Both Coleman and Mueller acknowledge the quest for venture and other equity funding has turned out to be more hardgoing than they once expected — in fact, their biggest hurdle so far. They have developed a more seasoned view now, coming to see vaccines in general, and their company’s approach in particular, as appropriate only for a special kind of investor.

“It takes someone with a long-term view of investment and perhaps being a bit more philanthropic than profit-driven,” says Mueller. “I am sure many investors prefer something with a higher profit margin than vaccines.”

Coleman adds that investors in vaccines naturally have a longer time horizon, which limits the potential VC and partner pool for Codagenix. “Vaccine investors must also have some interest in global health, because vaccines will never be a product for which you can charge prices that make it extraordinarily profitable at the individual unit level,” he says.

“Obviously, if you have a successful vaccine, you will sell a lot, and that could be profitable, but the time from bench to market for vaccines is probably the longest of any medicine. There are also a lot of other early vaccine developers with essentially me-too technologies, and the lack of novelty has cooled investment in the space as well.

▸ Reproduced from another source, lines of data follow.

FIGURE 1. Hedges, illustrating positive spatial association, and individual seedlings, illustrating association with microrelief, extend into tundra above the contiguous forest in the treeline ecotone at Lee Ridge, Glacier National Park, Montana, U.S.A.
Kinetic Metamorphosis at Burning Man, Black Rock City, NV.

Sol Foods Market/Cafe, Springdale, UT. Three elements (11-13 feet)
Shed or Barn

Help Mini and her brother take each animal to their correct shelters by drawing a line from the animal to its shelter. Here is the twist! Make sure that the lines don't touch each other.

We finally found some investors who had a yen for the long-term horizon and saw our flu vaccine as not just another me-too, but as a potentially disruptive technology.”

"Because our technology is so cool, we always hoped the Big Pharma companies would just run to us and break down our doors. But nobody came knocking."

Steffen Mueller


Codagenix has one thing in common with other new vaccine companies, however — its choice of influenza as the target of its lead program. Many analysts, reporters, and investors have wondered aloud why every young David in the business wants to take on Goliath. But Mueller and Coleman believe targeting flu is the most definitive way to demonstrate the economies of scale afforded by a SAVE-produced vaccine.

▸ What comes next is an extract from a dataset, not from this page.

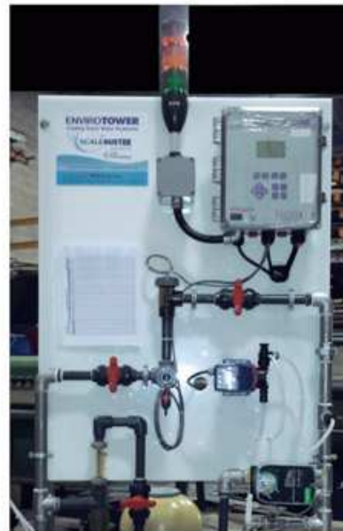
Control Skid Front View

Water softening requires a certain amount of power, either heat power, mechanical power, or electric power. The lowest consumption, and therefore the highest efficiency of CaCO 3 separation is achieved by electric power, which

“When we started trying to raise private money for our clinical work, we met with a lot of resistance,” says Coleman. “Investors would say, ‘Why would you want to make a flu vaccine? There is already one that makes $4 billion or more a year! So unless you have one that is really fantastic, don’t even bother.’ But that is what we are trying to do — make a disruptive vaccine. The current standard flu vaccines have very low efficacy, especially year to year. For example, last year’s H3N2 component of the current vaccine had only about a 9 percent efficacy rate. We still tell people to get their flu shots, because even a poor vaccine can produce some herd immunity. And they are profitable. But our flu vaccine may achieve universal efficacy at a greatly reduced cost of goods.”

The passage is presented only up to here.